WHAT IS EXPECTED: Set down the data again word for word. Skip any pictures.

Top of DATA RECORDS

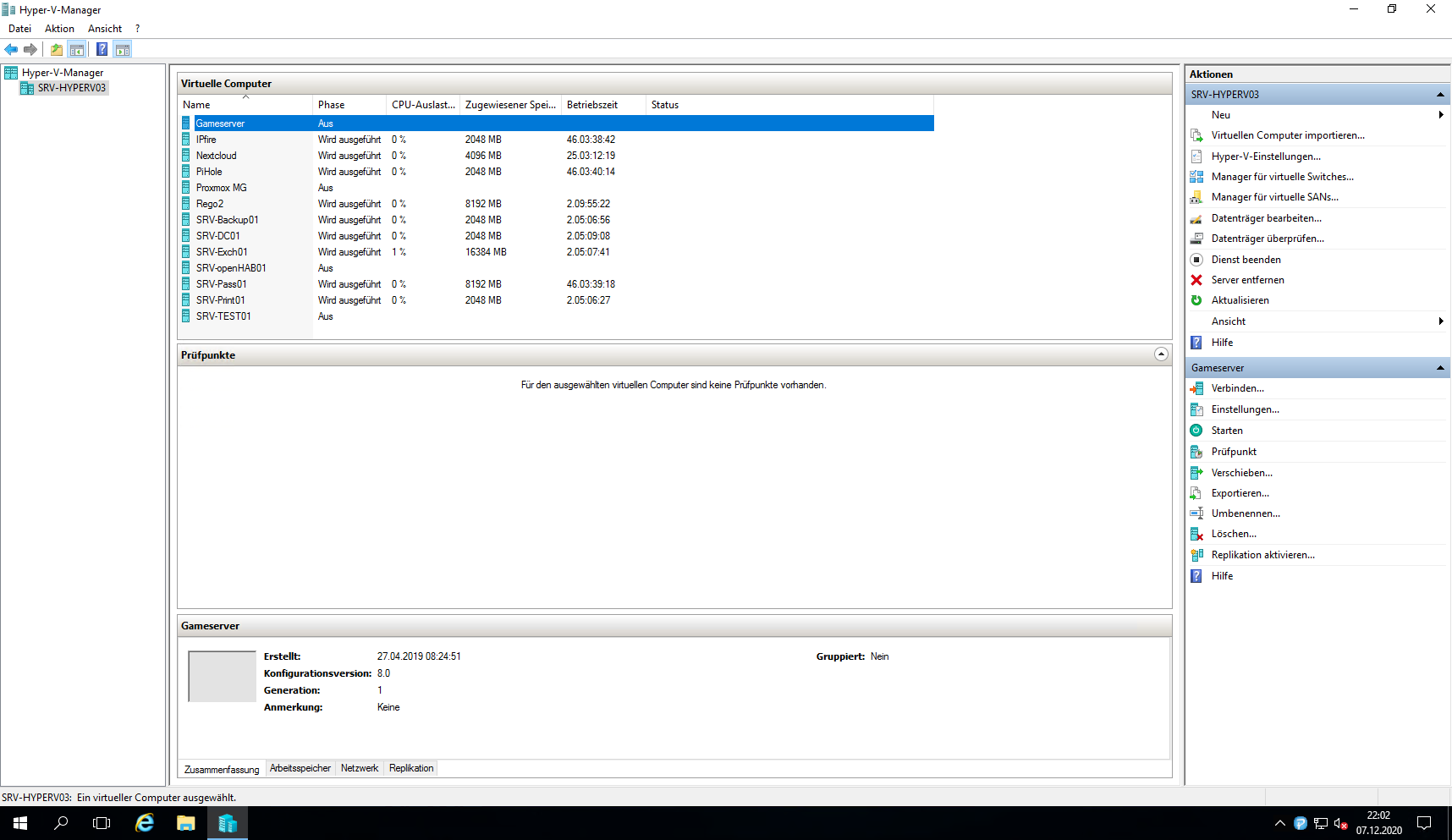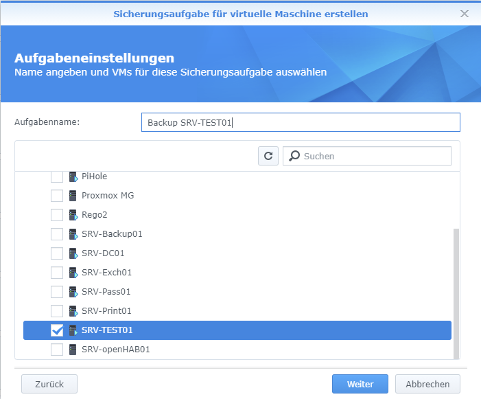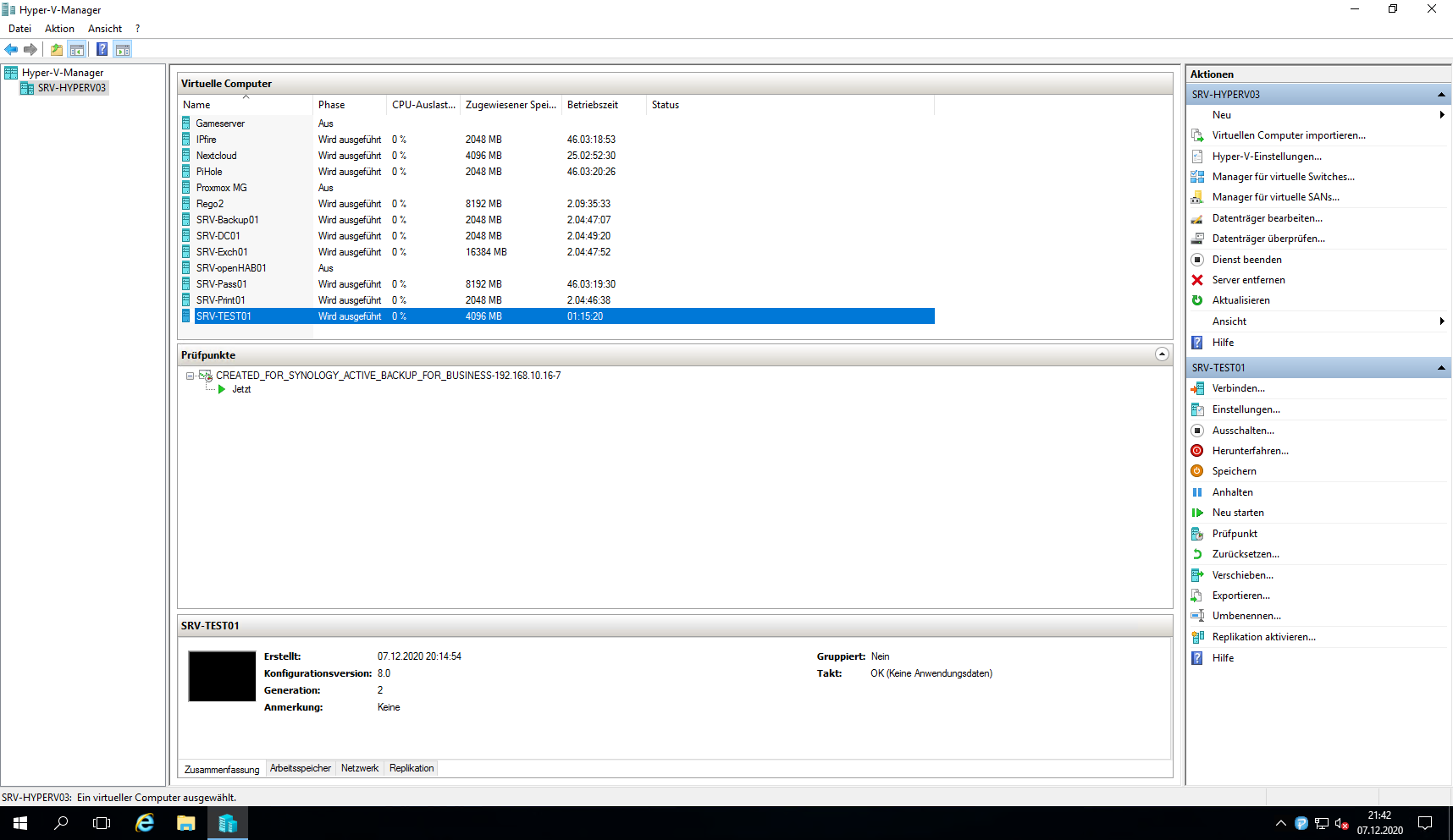 Um das Ganze zu Testen habe ich eine Test-VM namens "SRV-TEST01" mit Windows Server 2019 installiert, gesichert und anschließend gelöscht.
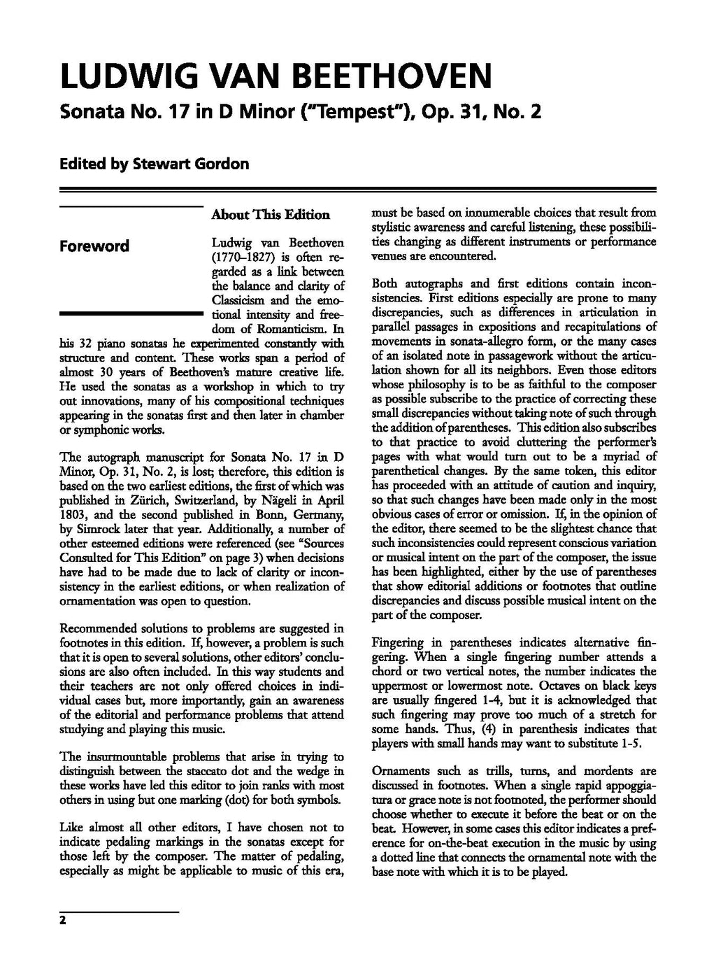 For Sonata No. 17 in D Minor, Op. 31, No. 2, the nickname "tempest" might refer to Shakespeare's classic play of the same title, although that has not been proven. Still, "tempest" has become firmly rooted as the nickname, describing the exciting "tempestuous" character of one of Beethoven's most famous sonatas. Dr. Stewart Gordon's editions of Beethoven's most popular piano sonatas provide the key to a stylistic performance. Thorough research of the earliest available sources has enabled Dr. Gordon to produce the most accurate reflection of the composer's intent. Each sonata contains helpful fingering suggestions and performance recommendations. Other editors' conclusions are noted where performance options are open to interpretation.
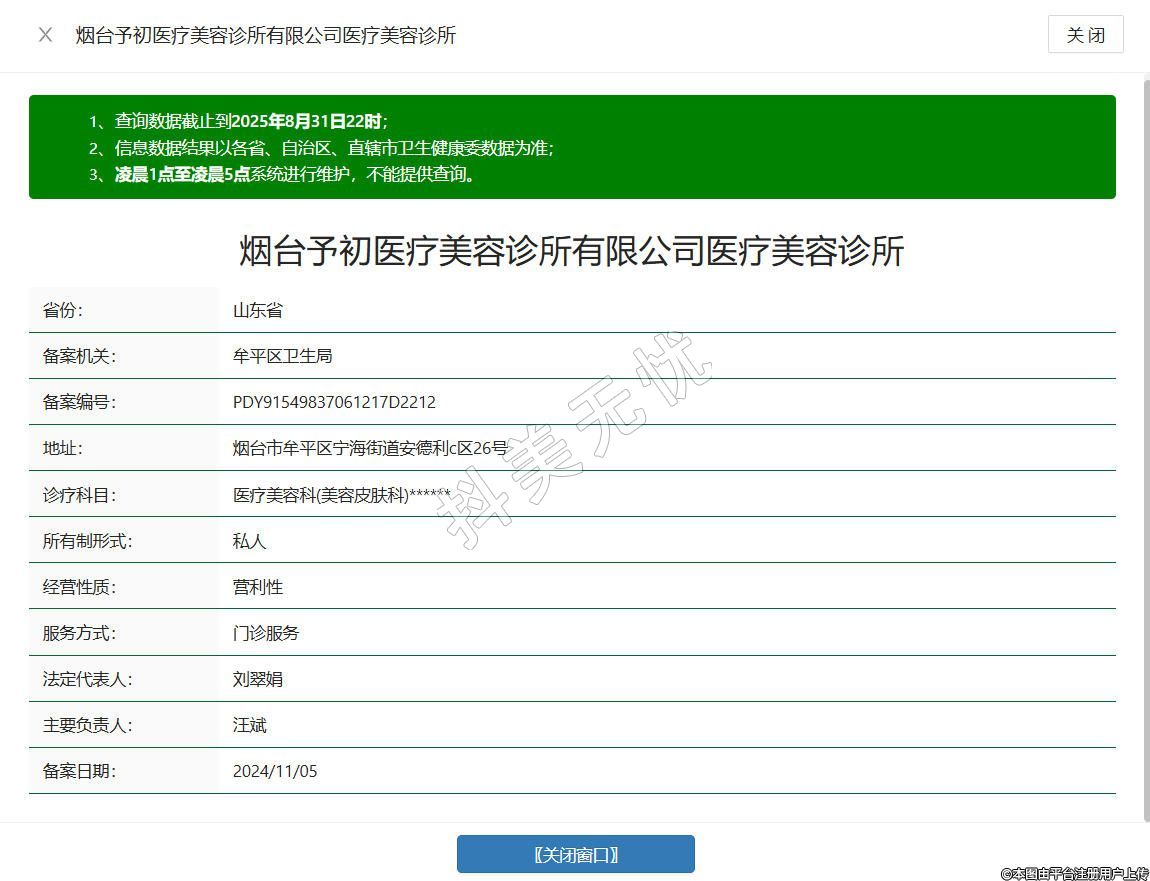 煙臺予初醫(yī)療美容診所有限公司醫(yī)療美容診所
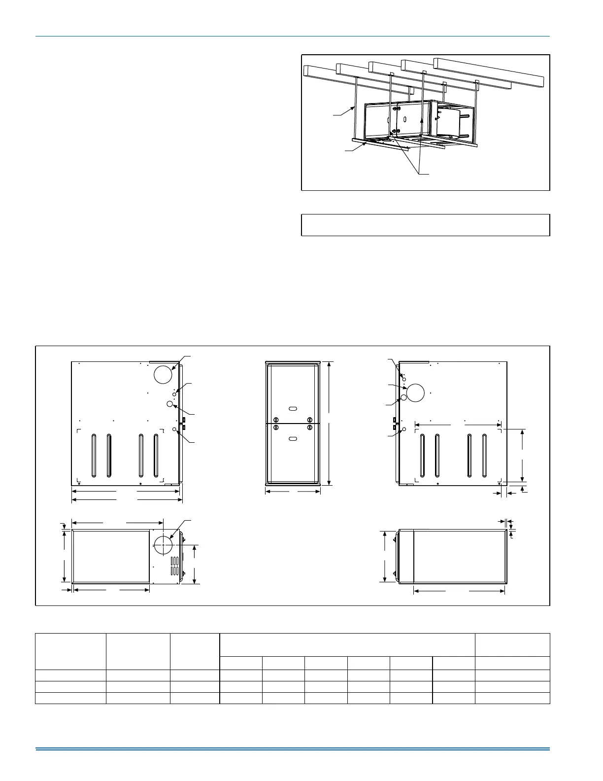 Units may also be suspended from rafters or floor joists using rods, pipe
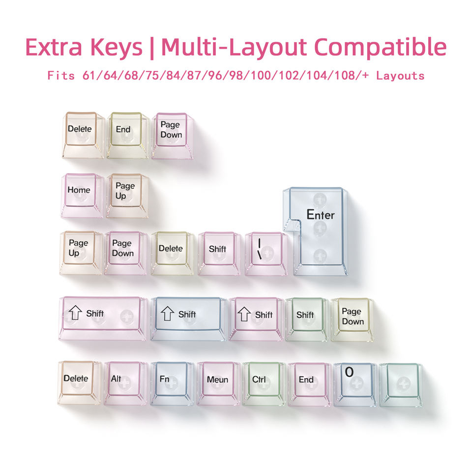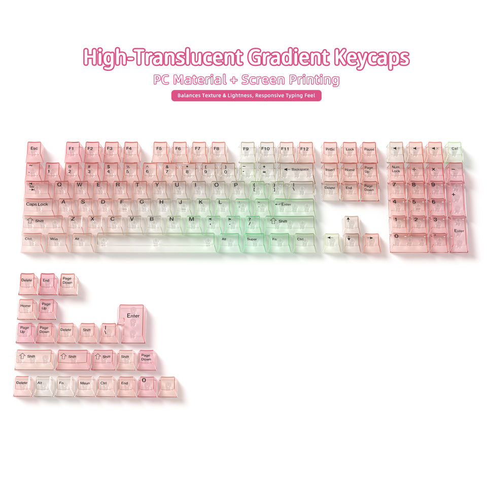 Keycaps in PC Trasparente Sfumato da 132 Tasti, Profilo Originale, Stampa Nitida, Compatibili con la Maggior Parte delle Tastiere Meccaniche da Gaming - Direttamente dalla Fabbrica
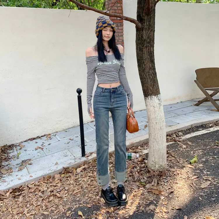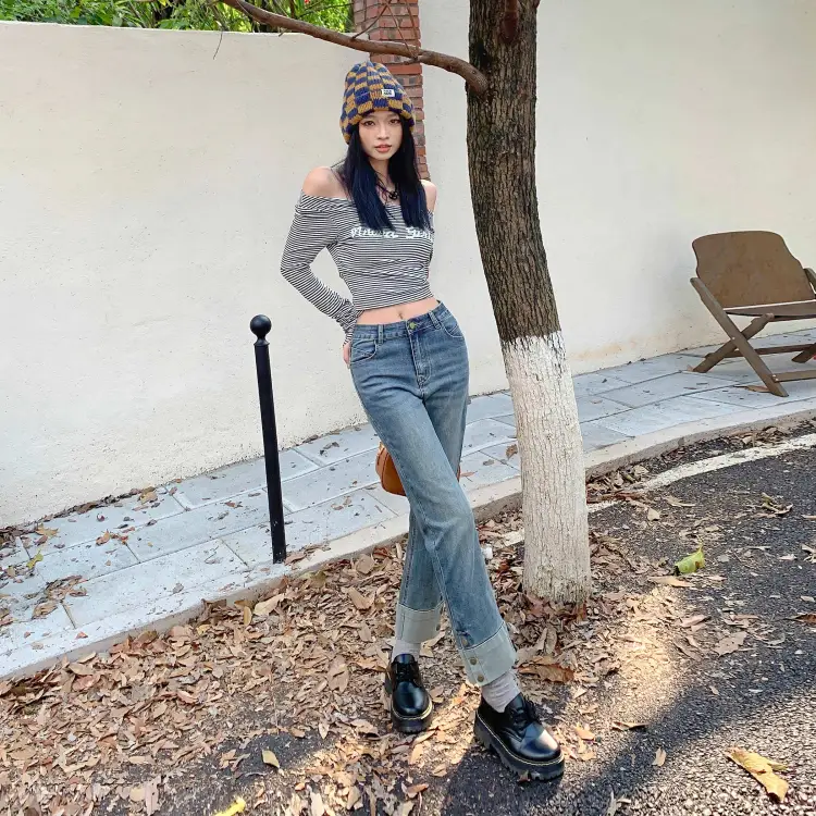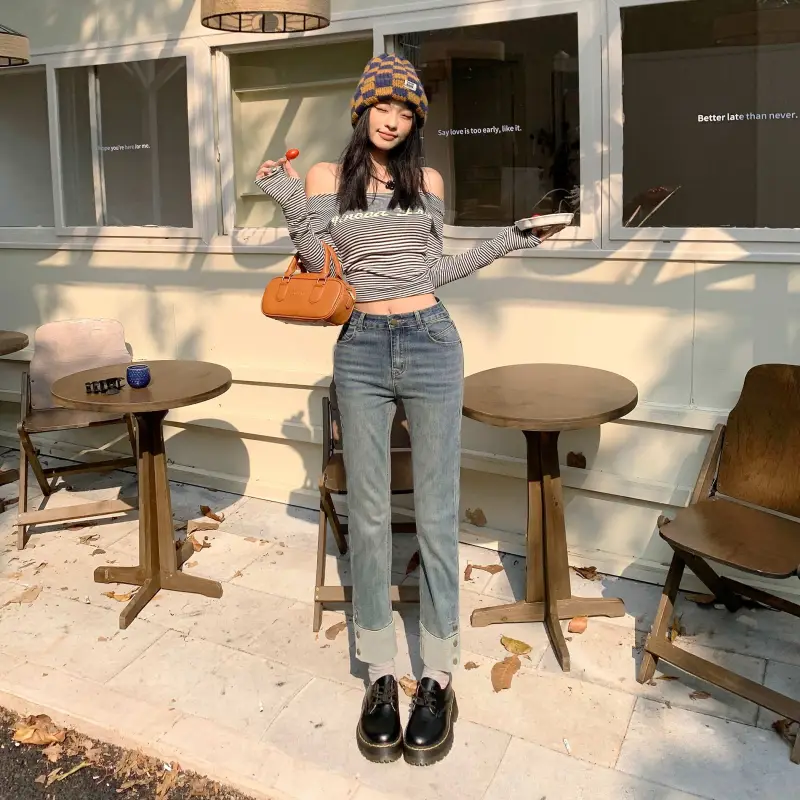 FHMY Джинсы Женские Ностальгический Синий
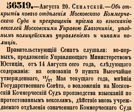 56319. 1876 год. 1 сентября (20 августа ст.ст.) Сенатский. Об открытии новаго отделения Московскаго Коммерческаго Суда и прекращении приема ко взысканию векселей Московскими Управою Благочиния, уездным полицейским управлением и чинами полиции Приказали: О вышеизложенном Московским Генерал-Губернаторам и Коммерческому Суду дать знать указами, в Департамент министерства Юстиции передать копию с определения и припечатать в установленном порядке
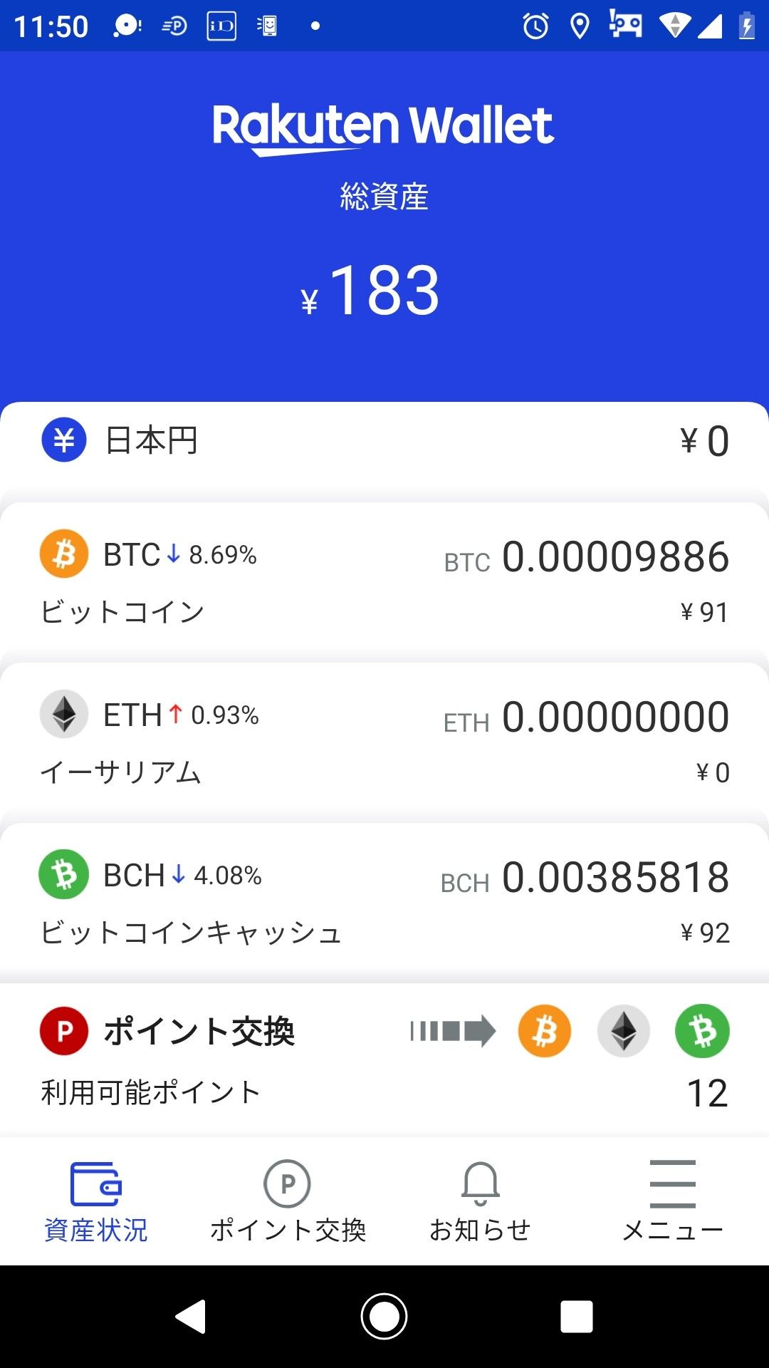 楽天ウォレットで仮想通貨取引に 使用できる楽天ポイント数は… 100ポイント からでした…参考までに!

Bottom of DATA RECORDS

RESULT:
 Um das Ganze zu Testen habe ich eine Test-VM namens "SRV-TEST01" mit Windows Server 2019 installiert, gesichert und anschließend gelöscht.
 For Sonata No. 17 in D Minor, Op. 31, No. 2, the nickname "tempest" might refer to Shakespeare's classic play of the same title, although that has not been proven. Still, "tempest" has become firmly rooted as the nickname, describing the exciting "tempestuous" character of one of Beethoven's most famous sonatas. Dr. Stewart Gordon's editions of Beethoven's most popular piano sonatas provide the key to a stylistic performance. Thorough research of the earliest available sources has enabled Dr. Gordon to produce the most accurate reflection of the composer's intent. Each sonata contains helpful fingering suggestions and performance recommendations. Other editors' conclusions are noted where performance options are open to interpretation.
 煙臺予初醫(yī)療美容診所有限公司醫(yī)療美容診所
 Units may also be suspended from rafters or floor joists using rods, pipe
 Keycaps in PC Trasparente Sfumato da 132 Tasti, Profilo Originale, Stampa Nitida, Compatibili con la Maggior Parte delle Tastiere Meccaniche da Gaming - Direttamente dalla Fabbrica
 FHMY Джинсы Женские Ностальгический Синий
 56319. 1876 год. 1 сентября (20 августа ст.ст.) Сенатский. Об открытии новаго отделения Московскаго Коммерческаго Суда и прекращении приема ко взысканию векселей Московскими Управою Благочиния, уездным полицейским управлением и чинами полиции Приказали: О вышеизложенном Московским Генерал-Губернаторам и Коммерческому Суду дать знать указами, в Департамент министерства Юстиции передать копию с определения и припечатать в установленном порядке
 楽天ウォレットで仮想通貨取引に 使用できる楽天ポイント数は… 100ポイント からでした…参考までに!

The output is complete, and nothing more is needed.